屋子裡的血腥味依然很重,男生躺在那裡,看外表看不出什麽異樣。
宿月過去掀開被子,傷口依然是他給做的最原始的處理,對恢復沒有什麽大用處,可那些曾經在流血的創口確實血已經止住了。
好像是發生了奇跡。
但其實更讓人擔心。
因為在這樣的世界裡,一個本來該死掉的人他毫無理由地活了,原因是什麽“祭司大人的護佑”。
很難確保他活過來之後到底還是不是人。
宿月走到男生身邊,掀開他的上衣,場面其實挺血腥的,但宿月也習慣了。
他把右手手掌放到男生左胸口,掌心亮起微弱的光芒。
那點光芒隨著男生胸膛微弱的起伏滲進他的身體,肉眼看不見,但宿月能夠感覺得到,它們像一層柔潤的透明光暈保護住了男生的心臟。

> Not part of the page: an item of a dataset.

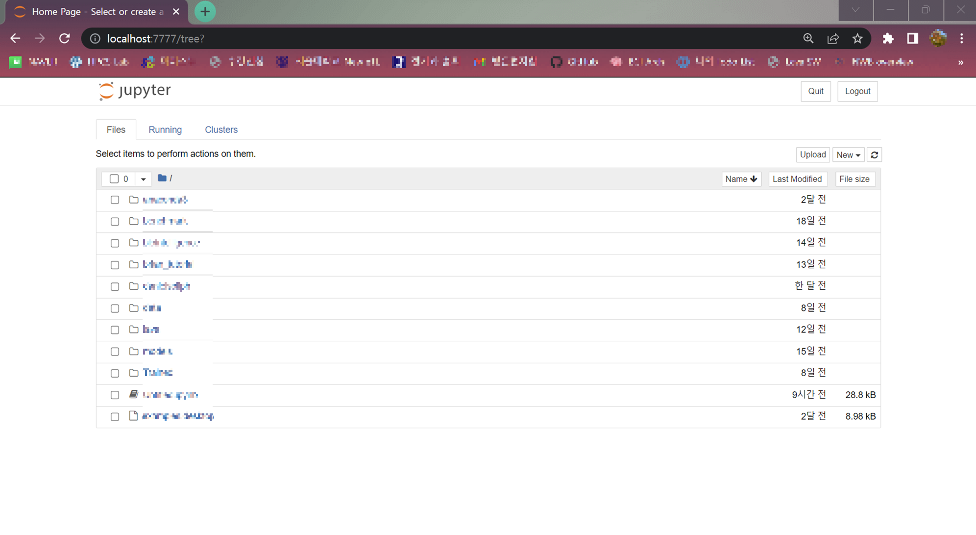위의 과정을 전부 거치면, 아래와 같이 jupyter notebook을 접속할 수 있다.

神明的力量是最純粹的保護之力,別管是屍毒蠱毒還是什麽邪術,只要有神力保護著,它們就無法入侵心臟一分一毫。
沒有什麽治愈能力,它只能確保一個人還是純粹的人類。
雖然宿月在這個遊戲世界裡只有極微弱的神力,但保護一顆心臟的能力還是有的。
本來宿月在外面就想催動神力的,只要做的隱蔽點,就不至於讓他被踢出去。
但隨即宿月又覺得,他那耳釘敏感的跟吉娃娃似的,這麽做了絕對要發警報。
然後那個負責任的監事z就會來消息。
……
難搞。
所以才拖到了現在。
其實就算現在沒事,估計等那男生醒了,念叨“啊我怎麽命這麽大沒有死”的時候,宿月也會被耳釘秋後算帳的警告一下子。
不過那是之後的事了。
其實如果不是監事z太負責,宿月倒無所謂吃警告。
違規這種事,宿月每次進遊戲都會發生,他早都已經習慣了。
上一位監事,也就是宿月那位好朋友辭職時,打印了宿月每次進遊戲的違規記錄。
居然打印出了一整盒印花抽紙,然後送給了宿月當做辭行禮物。
……
並不想回憶。
確保神力至少能保護男生一整天后,宿月掀開男生的衣服,查看他的傷口。
男生身上的傷有兩種。
一種是很平滑的,傷口邊緣很齊整的傷痕,看起來是非常鋒利非常快的刀片留下的傷口。
另外一種傷口粗糙野蠻,明顯是一種撕裂傷。
傷口分布在手臂上,腿上,差不多是要把男生的四肢全部斬斷的程度。
也就是他命大,現在還能四肢完整地躺在這兒。
宿月視線落向男生的右手,剛才他就發現,男生手裡一直攥著東西,但是在依瑪面前他不想拿。
現在他扳開男生的食指和中指,把那東西抽出來,發現是一張已經變形的金箔紙,被血徹底浸透。
造型是完全看不出來了,但是把金箔紙展開,能看到上面勒的印章。
-[天地銀行-路路通]
“是紙錢。”蒼咫說。
宿月點了點頭,紙扎的金條或者金元寶,看到這個他心裡就明白了。
這小子居然真的半夜跑出去了,還給自己帶了個紀念品回來。
一直到這一刻之前,宿月心裡都在懷疑這個男生是不是什麽藏龍臥虎的老手,雖然種種跡象都表明男生沒什麽斤兩。
但他總覺得,什麽都不知道還這麽莽,不至於吧?
直到看到這張紙錢。
宿月:“……”
算是真切體會到了人間那句“無知者無畏”,還有“貪小便宜吃大虧”。
不過這次吃的這虧也夠他受了。
其實宿月有一點不明白,那就是男生手裡隻拿了一張紙錢。
如果男生真的錯把紙錢當成真金條的話,不可能隻拿一張就回來。
所以這一切看起來都像是男生在外面剛拿了一張紙錢就受了襲擊,又被搬回了樓道裡,不知道是為了示威還是為了……保護?